With damping, there is rebound damping and compression damping. Rebound damping controls how fast and hard the fork bounces back after a hit. Good rebound damping helps avoid the pogo-stick feel, and helps you maintain control. Compression damping (there is low- and high-speed compression damping, but I will limit myself to low) helps avoid problems like brake dive. One wants the fork to activate over a bump, but not so much in response to the brakes, but the fork doesn't really know the difference. Low-speed compression damping prevents the fork from suddenly and catastrophically pitching you forward when you tap the brakes. The movement forward is slower and more controlled.


----------



## mtnbiker72 (Jan 22, 2007)

shatterpulse said:


> Thanks for the advice. I'm pretty new to mountain biking - could you explain why a coil spring is better than an air spring? And what makes a damper "better" or "worse?"


Coil is not better but is less maintenance. With a coil spring your set to go when you hop on the bike. Air springs work very well these days but they do need to be checked on a regular basis for air pressure, and the seals do need regular additional maintenance beyond normal fork maintenance. You will need a special shock pump for an air fork, some new forks come with the shock, some you have to purchase yourself. Of course air forks are lighter than coil forks with all other things being equal. It just depends on how involved in the maintenance of your fork you want to be.

Damping wise, most lower cost forks that have dampers use a ported damper that has little to no adjustment. A ported damper has a hole that oil flows through, when the fork moves to fast (a quick, hard hit) for the oil to move through this hole then the fork "spikes" or locks out. This is a common issue with ported dampers. The Tora 302 for instance uses a ported damper with no compression adjustment. So the port is set to deal with a certain speed of compression, and anything outside this speed is reduced performance. The better type of damper is a shim stack. This uses washers that the oil flows inbetween at a adjusted rate. The advantage of the shims is that they flex. So if you hit that quick, hard hit the oil can still flow through and the fork still absorbs the hit. The Manitou uses one of the best shimmed dampers on the market, and even the entry level Match uses this damper.

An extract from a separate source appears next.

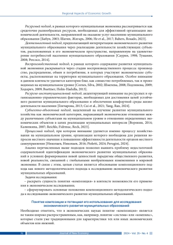 В настоящее время идет формирование научной парадигмы муниципальной экономики: происходит поиск и обсуждение различных теорий и концепций исследования муниципальных образований. В этой связи актуальной становится проблема разработки релевантного методологического инструментария исследования экономического развития муниципальных образований. В науке имеются устоявшиеся подходы к изучению вопросов муниципальной экономики и местного хозяйства, однако, расширение предметного поля региональной и муниципальной экономики требует предложения новых. Статья посвящена обоснованию нового методологического подхода к исследованию экономического развития муниципальных образований – композиционного. Методологической основой статьи послужили теории регионального развития, парадигма муниципальной экономики, а также пространственный, эволюционный и системный подходы. Использовался комплекс общенаучных методов, включая обзор, компаративный анализ и систематизацию. Раскрыта сущность понятия «композиция» и представлены аргументы, подтверждающие целесообразность его использования в дискурсе региональной экономики. Сформулированы принципы композиционного методологического подхода к исследованию экономического развития муниципальных образований: равновесия, динамизма, единства и соподчинения, целостности, гармонии. Композиционный методологический подход базируется на трех составляющих его методологиях: пространственно-временной, эволюционной и системной, применение которых в совокупности позволило через композиционные принципы концептуализировать основные положения исследования экономического развития муниципальных образований. Разработанный композиционный подход предоставит возможность сформировать методологическую основу исследования экономического развития муниципальных образований в условиях новой ценностной парадигмы

So the Match gives you the easier to maintain Coil Spring design with a damper that is found on forks costing over twice as much. The only comprimise is weight, which pretty much all lower end forks use heavier (not weaker per say) materials than their more expensive models.


----------



## jpeaslee (Jul 12, 2005)

My trail bike is an 05 GF Wahoo. I recently upgraded the old fork (crappy Judy TT) to a RockShox Recon 351 SoloAir w/ the maxle. Especially being a 250lb clyde, this made a night and day difference in my bike. I also upgraded to disc brakes, but thats another story altogether. That should be everything you need to swap the two out.


----------



## tpm7 (May 14, 2007)

mtnbiker72 said:


> That fork will work and is a decent fork, but for just a few dollars more this fork will blow it out of the water.
> 
> Speedgoat Bicycles / Catalog
> 
> It has a coil spring (no air spring issues), v-brake posts, 100mm travel like the stock fork, and a FAR SUPERIOR damper than the Tora 302.

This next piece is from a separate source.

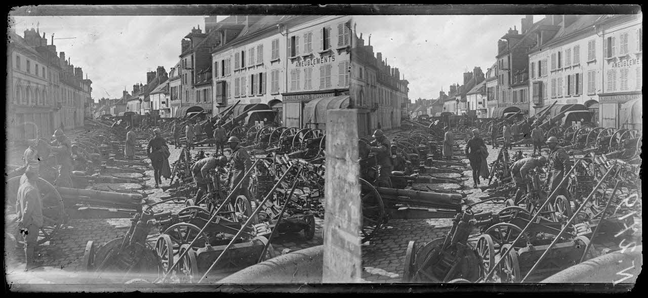 Villers-Cotterêts (Aisne). Soldats mettant en place le matériel pris aux Allemands (2-8-18). [légende d'origine]

I have to completely agree, I love my Match. It has high-end performance for a much lower price. You can't go wrong with it. (Also the damper explanation was very good). The compression and rebound damping on the Match is very good.


----------



## shatterpulse (Sep 5, 2011)

Thanks for the explanations, they are really helpful. I am probably going to get the match because of the shim stack damper and less maintenance because of the coil. I am curious if I am going to have to replace the springs - I weight 190lbs which seems like it would be a good weight for the "medium" springs it ships with but I wanted to ask anyway.

I know that most forks have a lockout knob on the top (and sometimes the ability to hook up a remote system like poploc), but do forks usually have any other adjustments on them? It seems to me that they would have some sort of dampening control on the top, but I haven't been able to find that out.


----------



## tpm7 (May 14, 2007)

shatterpulse said:


> Thanks for the explanations, they are really helpful. I am probably going to get the match because of the shim stack damper and less maintenance because of the coil. I am curious if I am going to have to replace the springs - I weight 190lbs which seems like it would be a good weight for the "medium" springs it ships with but I wanted to ask anyway.
> 
> I know that most forks have a lockout knob on the top (and sometimes the ability to hook up a remote system like poploc), but do forks usually have any other adjustments on them? It seems to me that they would have some sort of dampening control on the top, but I haven't been able to find that out.


Preload:









Lockout/Compression Damper (with MILO remote lockout installed):









Rebound Damper (blue knob at bottom of right-hand fork leg - hard to see buried in carpet...):


----------